Quegli scatti sugli anni '80 tra fotografia e giornalismo

Giovanna Calvenzi, vedova Basilico, presenta un libro sui maestri dell'obiettivo, tra Milano e New York

Quegli scatti sugli anni '80 tra fotografia e giornalismo

«Non ho la certezza che sia giudizioso ripubblicare queste interviste. L'intento didattico, le curiosita inesperte mi sembrano molto, troppo evidenti. Tuttavia l'insieme degli incontri rispetta alla perfezione la logica del traghettatore, che continua a piacermi».

Così scrive Giovanna Calvenzi, vedova del grande Gabriele Basilico, nella presentazione di Interviste (Postcart, 18 euro), nel quale raccoglie incontri con fotografi di primo piano. Calvenzi è un'autorità nel mondo della cultura fotografica, ma quel che rende il volume prezioso, oltre che giudizioso, è il periodo in cui le interviste sono state fatte: gli anni Ottanta. Calvenzi era giornalista alle prime armi. Ma già penna sicura del fatto suo: propose alla rivista Il Fotografo (Mondadori) di fotografare e intervistare professionisti che erano, e si sarebbero confermati, numeri uno. Nomi? David Bailey, Cuchi White, Gianni Berengo Gardin, Elisabetta Catalano; poi Robert Doisneau, Elliott Erwitt, Franco Fontana, Art Kane, Jacques-Henri Lartigue; e Jeanloup Sieff, Cheyco Leidmann, Oliviero Toscani. Non li citiamo tutti e venticinque: si tratta del «mucchio selvaggio» che a fine Novecento, mentre si spezzano gli equilibri globali di opposte ideologie, sperimenta linguaggi adatti a interpretare e anticipare lo spirito turbinoso del tempo. Non una corrente artistica, ma singole intelligenze impegnate a trovare la verità dello sguardo, se si crede che la fotografia sia letteratura visiva, capace di creare mondi. Gli intervistati sono ritratti in bianco e nero dalla stessa Calvenzi, tranne Toscani, fotografato da Toni Thorimbert.

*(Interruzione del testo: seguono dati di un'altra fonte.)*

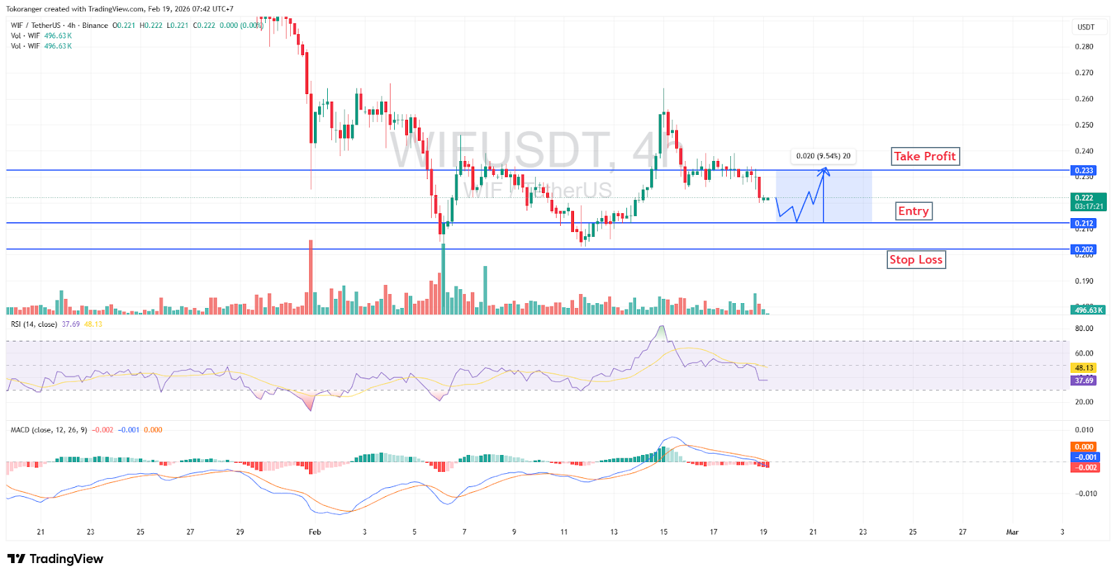 WIF/USDT pada timeframe 4 jam saat ini berada di mid-range konsolidasi dalam struktur tren mingguan yang masih lebar. Momentum jangka pendek terlihat melemah karena MACD mulai bergerak ke zona negatif dengan histogram merah tipis, sementara RSI turun ke area 40-an yang menandakan tekanan jual ringan namun belum masuk fase bearish kuat.

C'è molta Milano, nel libro della milanese Calvenzi, cosmopolita per scorribande culturali, ma di innamorato radicamento meneghino. Le interviste si leggono come brevi racconti. Le pennellate didattiche che Calvenzi, severa, oggi addebita a «curiosità inesperte» sono invece il cavallo di Troia che permette al lettore di espugnare, meravigliandosi, gli studi dei fotografi a New York, Parigi, Londra, Milano, Roma.

Scopriamo Berengo Gardin di notte nella camera oscura, a Milano, a stampare, e da artigiano qual si vanta d'essere a costruire cornici, porte, finestre. Andiamo a New York, dove Elliott Erwitt, che da bambino visse a Milano, accoglie in perfetto italiano l'intervistatrice e si lascia fotografare con la figlia Andy e il gigantesco orso di peluche Bernini. Oliviero Toscani, già allora geniale spaccone definito «preporter» - uno che anticipa rispetto ai normali reporter -, parla di modelle e cavalli, non necessariamente in quest'ordine. C'è la storia del fotografo con studio in Paolo Sarpi, Enzo Tollini: ancora negli anni Ottanta lavorava con una macchina di legno a lastre, costruita nel 1905. E il novantenne Lartigue, l'uomo che amava le donne, artista tra massimi del XX secolo.

C'è Aldo Bonasia: raccontò la Milano della rivolta operaia e studentesca e il cupo mondo dell'eroina, che portò via la meglio gioventù. Dice una sentenza di Arbasino: «In Italia c'è un momento stregato in cui si passa dalla categoria di bella promessa a quella di solito stronzo.

Soltanto a pochi fortunati l'età concede poi di accedere alla dignità di venerato maestro». Dei fotografi infilzati con amore dall'entomologa Calvenzi alcuni non ci sono più, ma tutti, italiani e stranieri, sono nella categoria maestri. E non per merito dell'età.